At that stage, I might have been able to let go of the fear generated in my childhood.  But traumatic events during my young adult years sealed the deal between me and fear.  For decades, it never occurred to me that I could overcome the constant unease or heal trauma as it felt so deeply fixed in my being, beyond my conscious control.  And, very little was known about how to heal trauma back then.

I soldiered on, accomplishing all that I could, pretending to be clear and confident.  Despite the appearance of bravado, all those years fear buzzed along my nerves, constricted my muscles, played havoc in my gut, and finally sent my immune system into overdrive.  As trauma survivors often do, hoping for a new chance at resolution, I unconsciously chose people, situations, and circumstances that repeated the trauma in other ways, deepening its impact on my body and brain.

At the same time, I was heavily invested in believing I was “fine.”  I didn’t consciously understand all the ways that fear and trauma ran my life and ran me down emotionally, mentally, and physically until I came to Hawaii six years ago.  By that time, I was wound up in knots, triggered by the least little thing.

In the summer of 2015, I started working with a therapist who practices both Somatic Experiencing (SE),a body-oriented approach to healing trauma and other stress disorders and the Neuroaffective Relational Model (NARM) which blends somatic (body-based) mindfulness with a relational approach to address developmental (childhood) trauma.  Both approaches emphasize self-regulation of the nervous system and a gradual, safe increase in body awareness  These methods have proven to be ideal for me.

Because of the complexity of my personal traumas and long-held fear, healing doesn’t come easily.  But sure and steady is doing the trick.  I see marked changes in my ability to set boundaries, greater confidence, and a lessening of traumatic reactions and sensitivity.

Joseph Campbell Quote On Fear

Now that I’ve established a sense of safety and confidence through trauma therapy, I feel ready to bring more body awareness and relaxation into my life on a daily basis.

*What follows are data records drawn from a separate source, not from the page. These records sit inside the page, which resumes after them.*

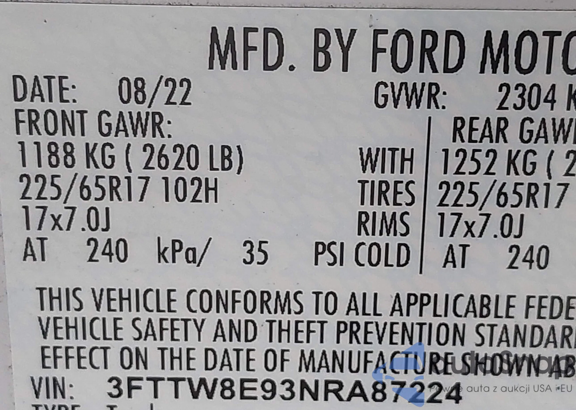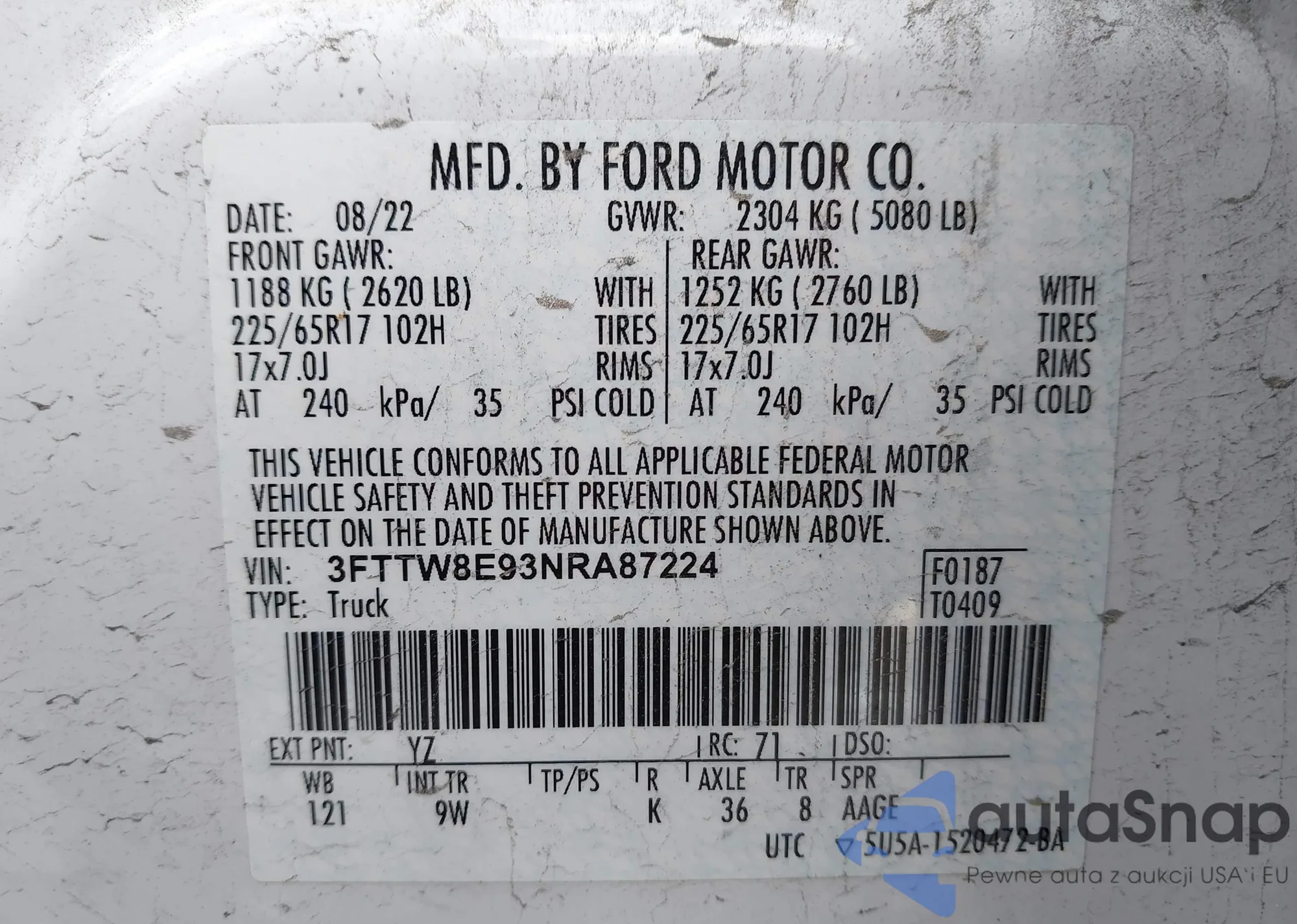 VIN: 3FTTW8E93NRA87224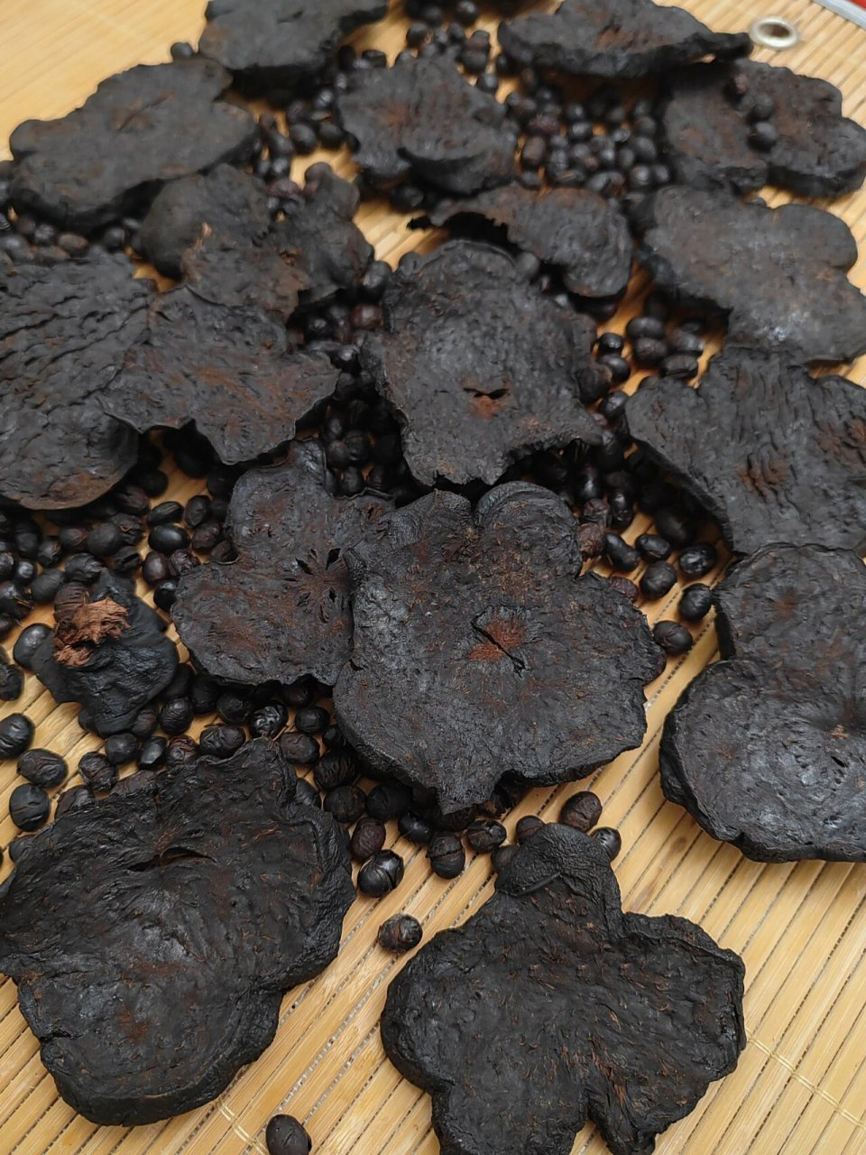 野生茯苓,自己去皮切塊,用山羊奶浸潤、蒸後曬乾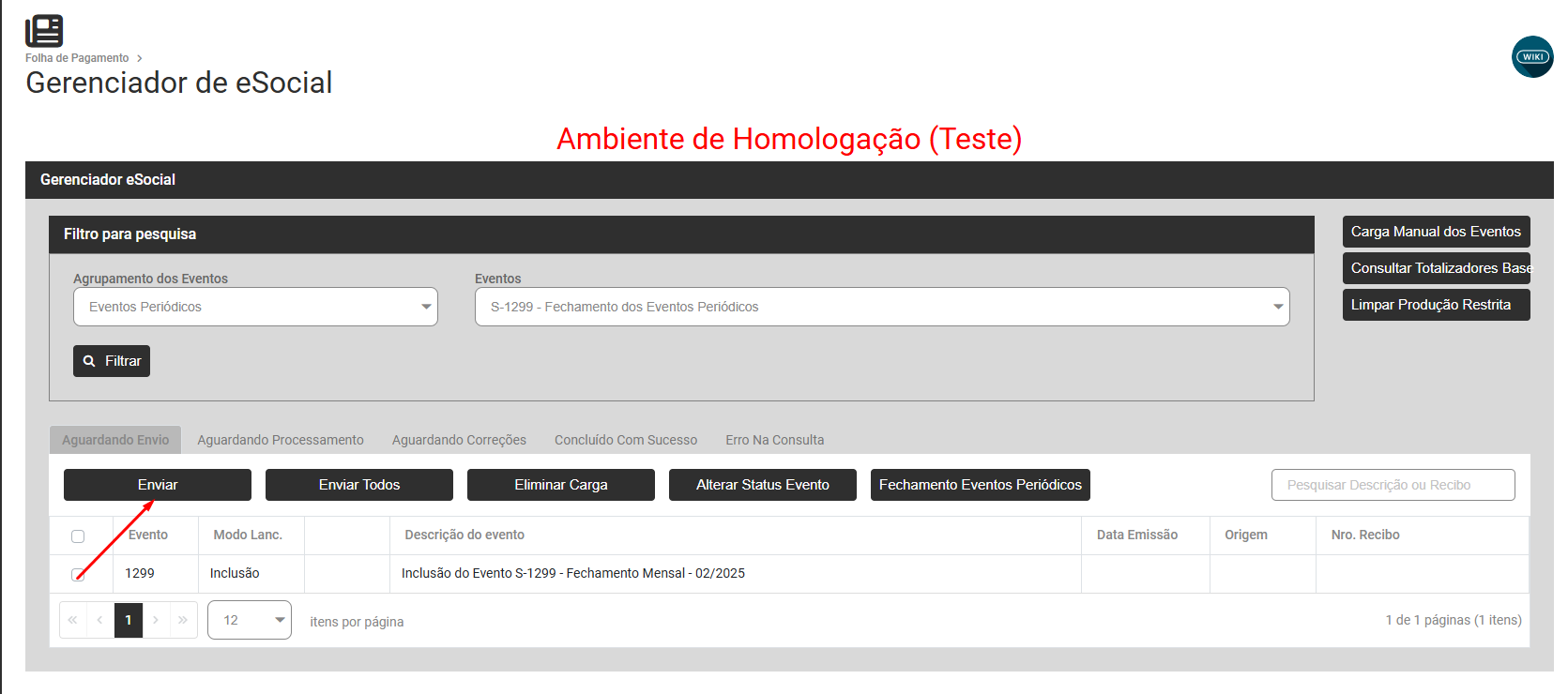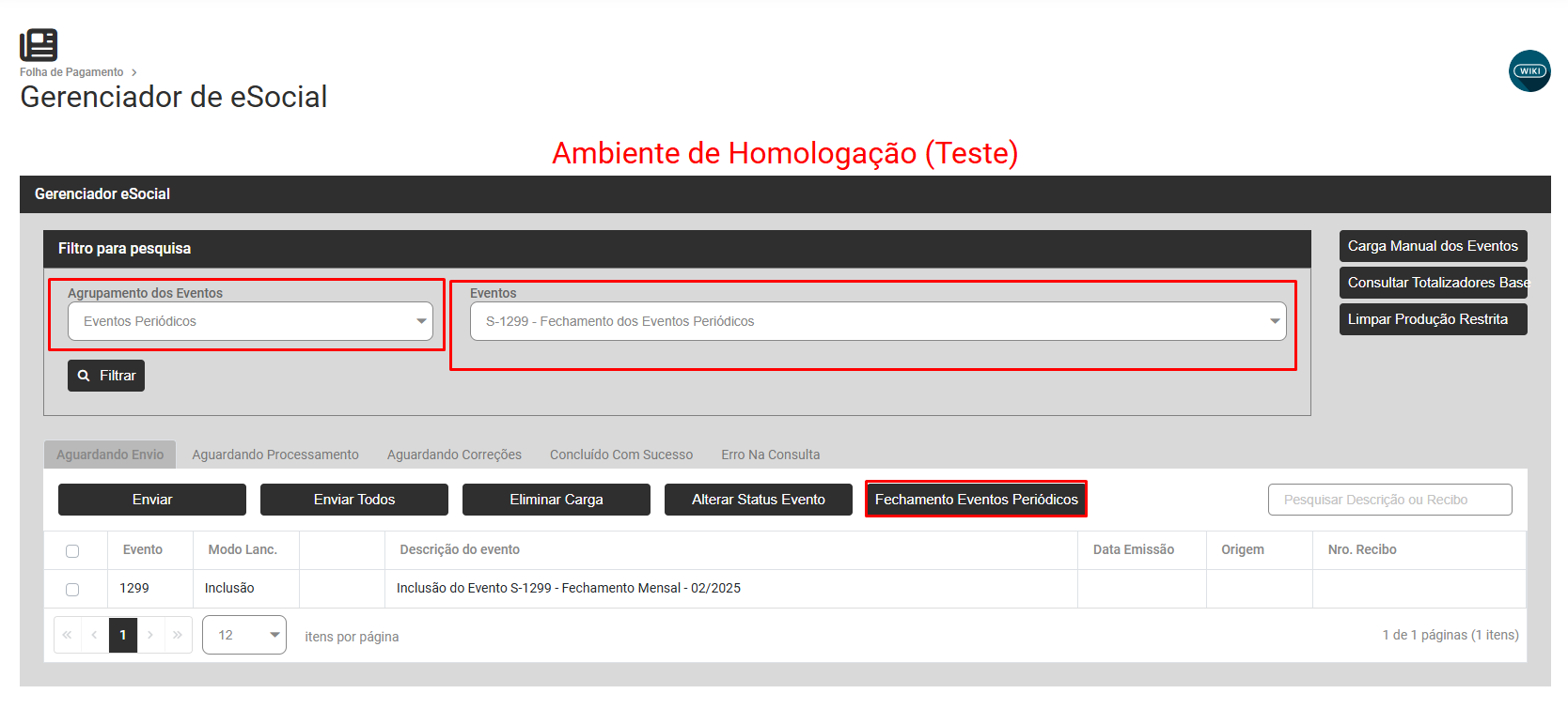 Envie todos os eventos do período e em seguida filtre por Eventos Periódicos - S1299, Aguardando Envio e clique em Fechamento Eventos Periódicos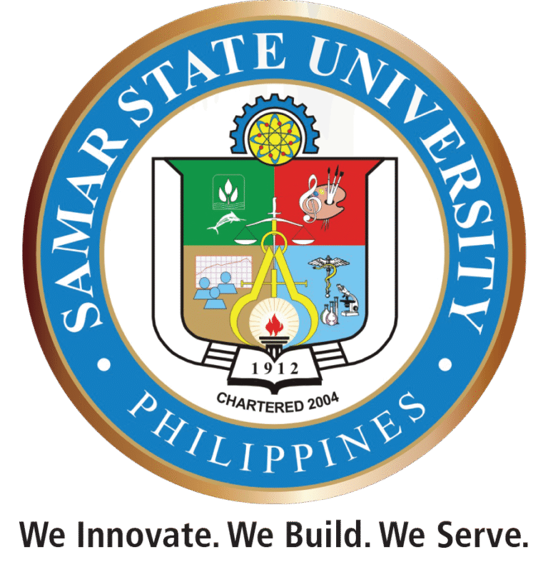 Encircling the whole symbols is the name of the university (Samar State University) and the country (Philippines) in white over sky blue background and outlined in gold, the official colors of the University.

Today, I’d like to share 3 simple practices I use for this purpose, but first let’s look at how body awareness can help you – because body awareness isn’t just for trauma survivors.

What You Can Gain Through the Practice of Body Awareness

Modern norms encourage us to live in our heads, but so much can be gained from inhabiting the body.  Body awareness can help you to:

  • See the connection between emotions and physical sensations.
  • Allow sensations and emotions to arise and subside without entering into distress.
  • Heal deep emotional wounds.
  • Understand your true feelings and desires.
  • Feel centered in yourself and more confident.
  • Find relief from stress and pain.
  • Listen to the messages of your body so you can circumvent illness.
  • Achieve more clarity so you can make good decisions and overcome obstacles.
  • Open to more joy and happiness.

Safety Always Comes First

If you are challenged by trauma or mental health concerns, check with a professional therapist before engaging in body awareness practices.

To gain the most benefit, I practice body awareness in formal sessions.  This naturally helps to increase body awareness during the day as well.  To start, I follow these three guidelines.

1. Establish a sense of safety.  That could mean practicing on your own in a safe and comfortable environment or it could mean having your partner or a good friend nearby should you need support.  Reflect and decide for yourself what a safe space feels like for you. Then create that ambiance for your sessions.

2. Proceed slowly.  Body awareness can be a highly enjoyable and relaxing process. And sometimes it can feel uncomfortable, especially if you’re not accustomed to residing in your body.

Through this practice, you can learn to let emotions and sensations arise and dissolve without moving into fear or distress.  But to do that, you need to stay below your threshold and avoid going into overwhelm.  The key is to go slowly and to respect your own limits.  They are there for a reason.

Start with a few moments of body awareness.  Slowly expand your capacity to be present in your body over time.

3. Pause or stop as needed.  If the practice begins to feel too intense, uncomfortable, or unpleasant, pause.  Turn your attention to a pleasant experience and bring it alive.  Rest in the positive feelings or sensations for awhile, conclude the session, and move into the next part of your day.

3 Simple Ways to Increase Body Awareness to Help Soften Fear

Body awareness can help release you from the prison of fear.

Here are the three simple practices of body awareness that I currently use, bearing in mind the guidelines above. If you are challenged by trauma or mental health concerns, check with a professional therapist before engaging in body awareness practices.

Tracking Sensations

In short, tracking sensations means paying attention to the sensations that occur in your body.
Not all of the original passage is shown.